● EXERCISE INPUTS:
=-=-=
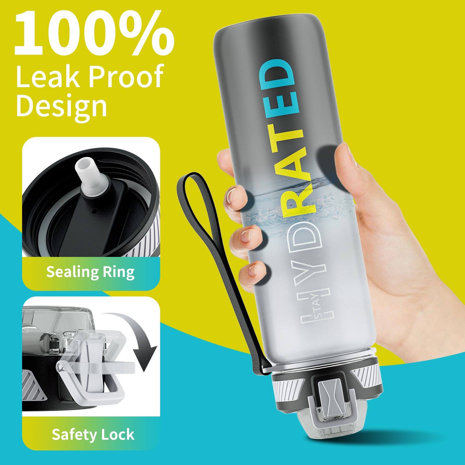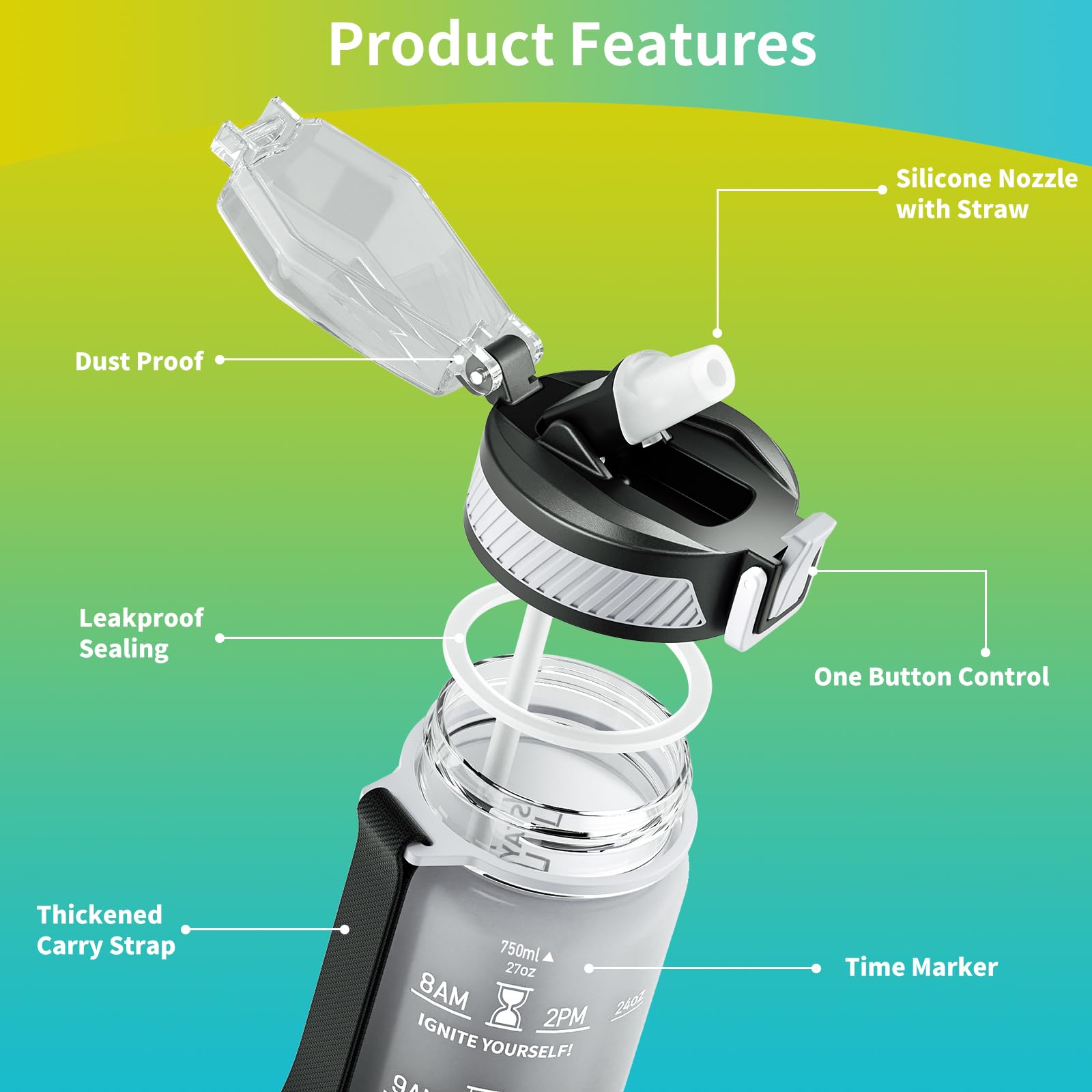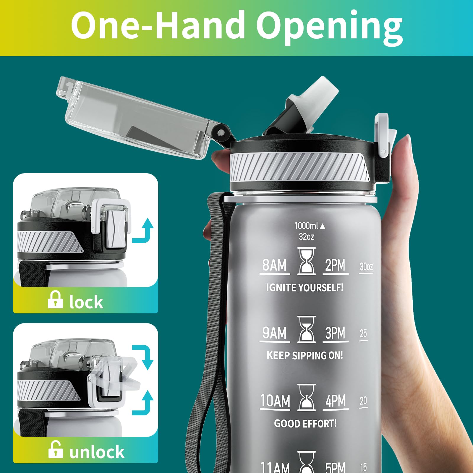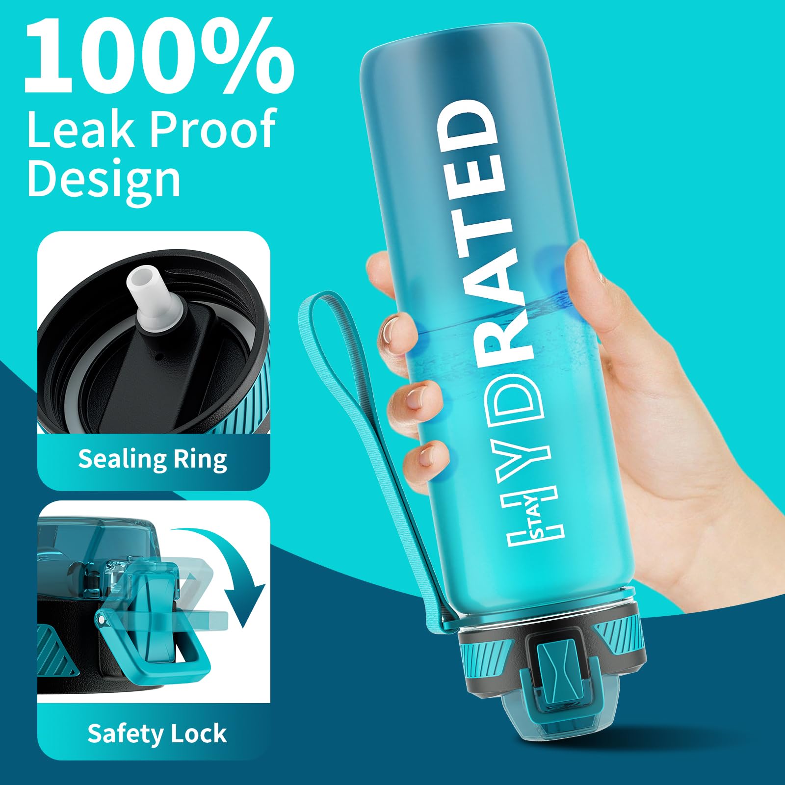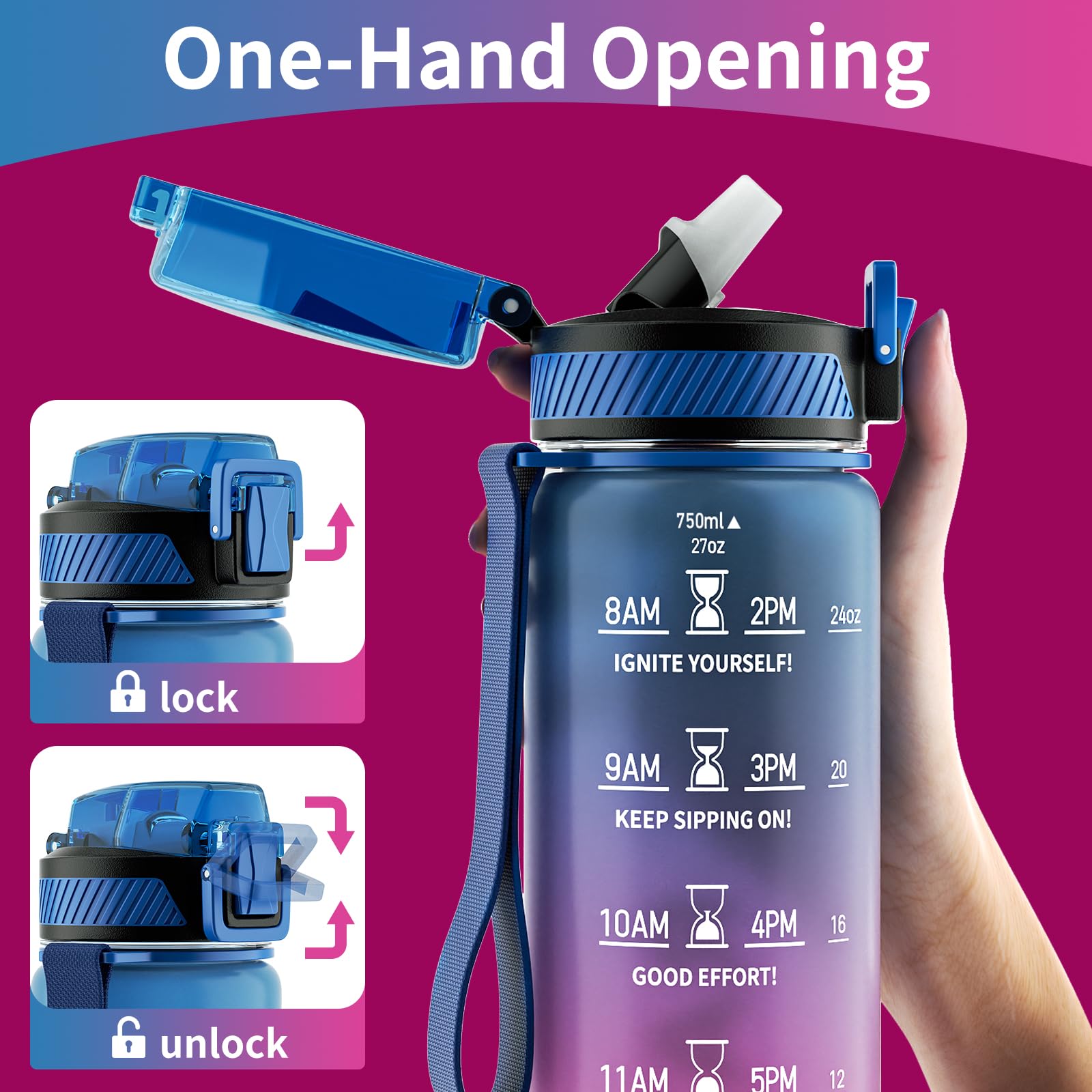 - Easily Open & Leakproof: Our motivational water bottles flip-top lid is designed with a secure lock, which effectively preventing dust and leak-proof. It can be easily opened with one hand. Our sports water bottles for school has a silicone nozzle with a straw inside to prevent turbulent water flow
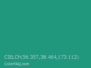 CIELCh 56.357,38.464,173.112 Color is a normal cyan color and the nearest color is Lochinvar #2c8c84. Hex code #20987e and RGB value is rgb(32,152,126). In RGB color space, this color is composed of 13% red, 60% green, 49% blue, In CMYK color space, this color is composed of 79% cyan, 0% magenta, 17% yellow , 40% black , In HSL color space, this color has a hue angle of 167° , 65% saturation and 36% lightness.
=-=-=
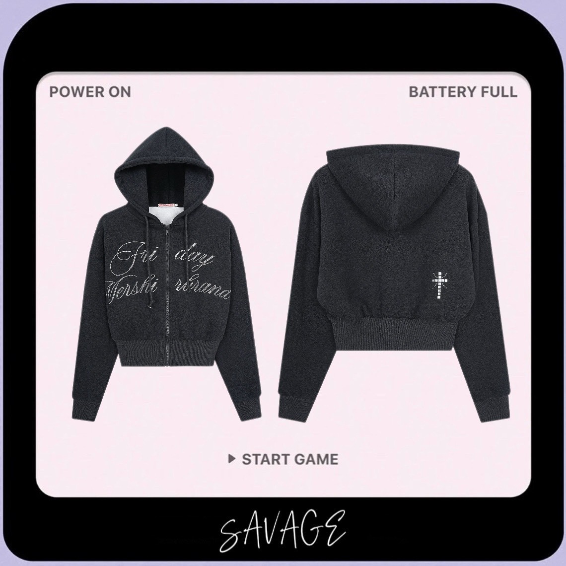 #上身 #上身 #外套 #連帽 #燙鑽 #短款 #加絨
=-=-=
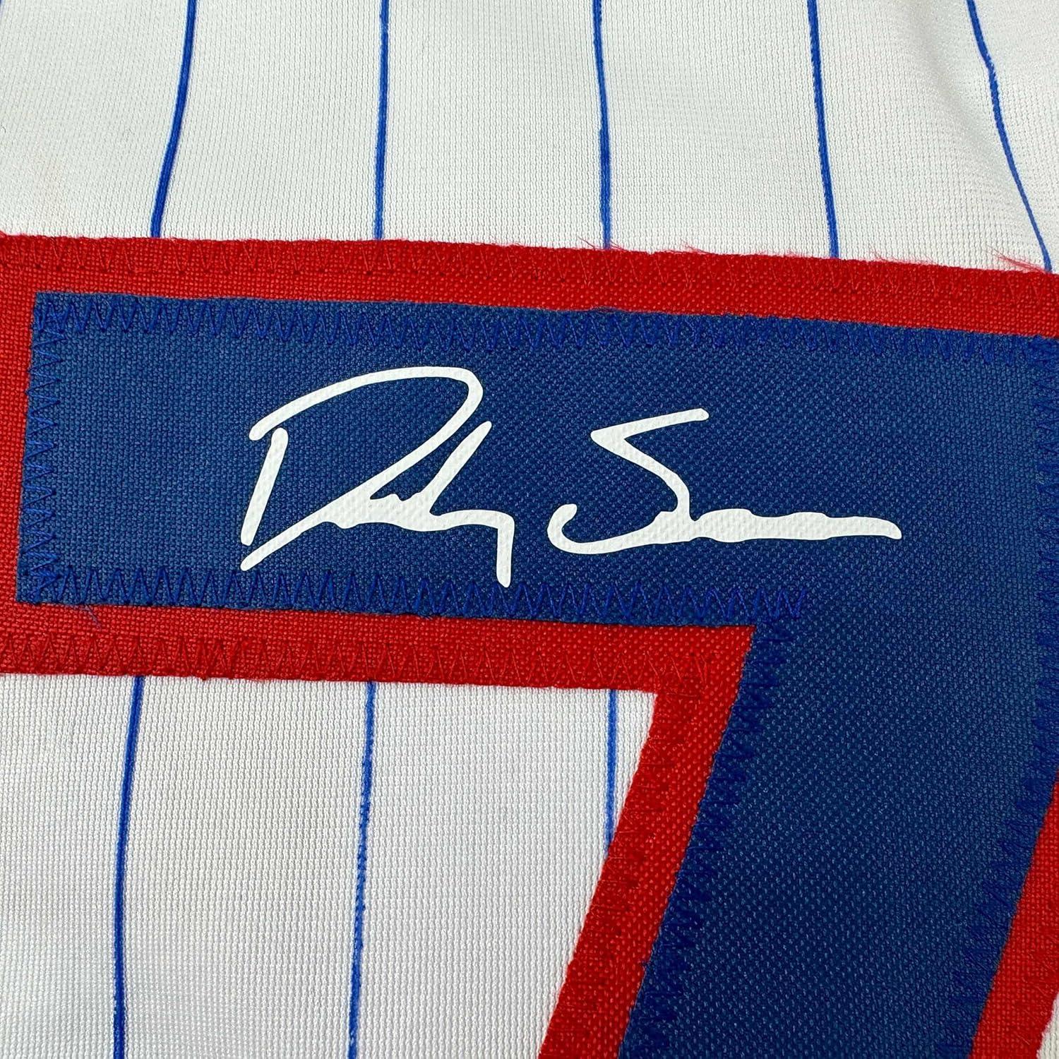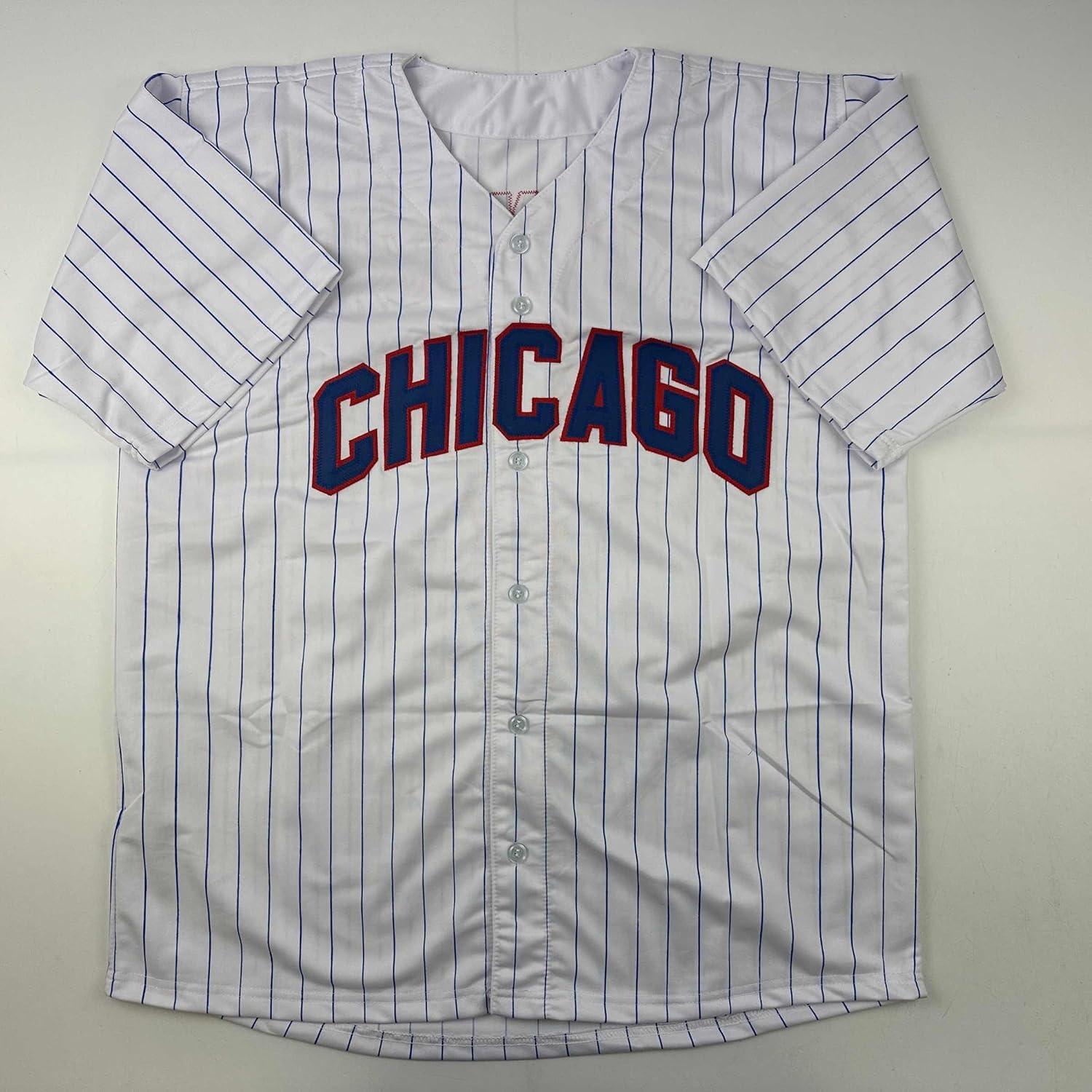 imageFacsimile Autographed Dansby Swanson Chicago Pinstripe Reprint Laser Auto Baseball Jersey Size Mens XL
=-=-=
● WHAT YOU HAVE TO DO:
Copy exactly the lines of the entries above from the one containing "- Easily Open" through the one containing "CIELCh 56.357,38.464,173.112 Color". Both end lines count; pictures do not.

● WRITTEN SOLUTION:
 - Easily Open & Leakproof: Our motivational water bottles flip-top lid is designed with a secure lock, which effectively preventing dust and leak-proof. It can be easily opened with one hand. Our sports water bottles for school has a silicone nozzle with a straw inside to prevent turbulent water flow
 CIELCh 56.357,38.464,173.112 Color is a normal cyan color and the nearest color is Lochinvar #2c8c84. Hex code #20987e and RGB value is rgb(32,152,126). In RGB color space, this color is composed of 13% red, 60% green, 49% blue, In CMYK color space, this color is composed of 79% cyan, 0% magenta, 17% yellow , 40% black , In HSL color space, this color has a hue angle of 167° , 65% saturation and 36% lightness.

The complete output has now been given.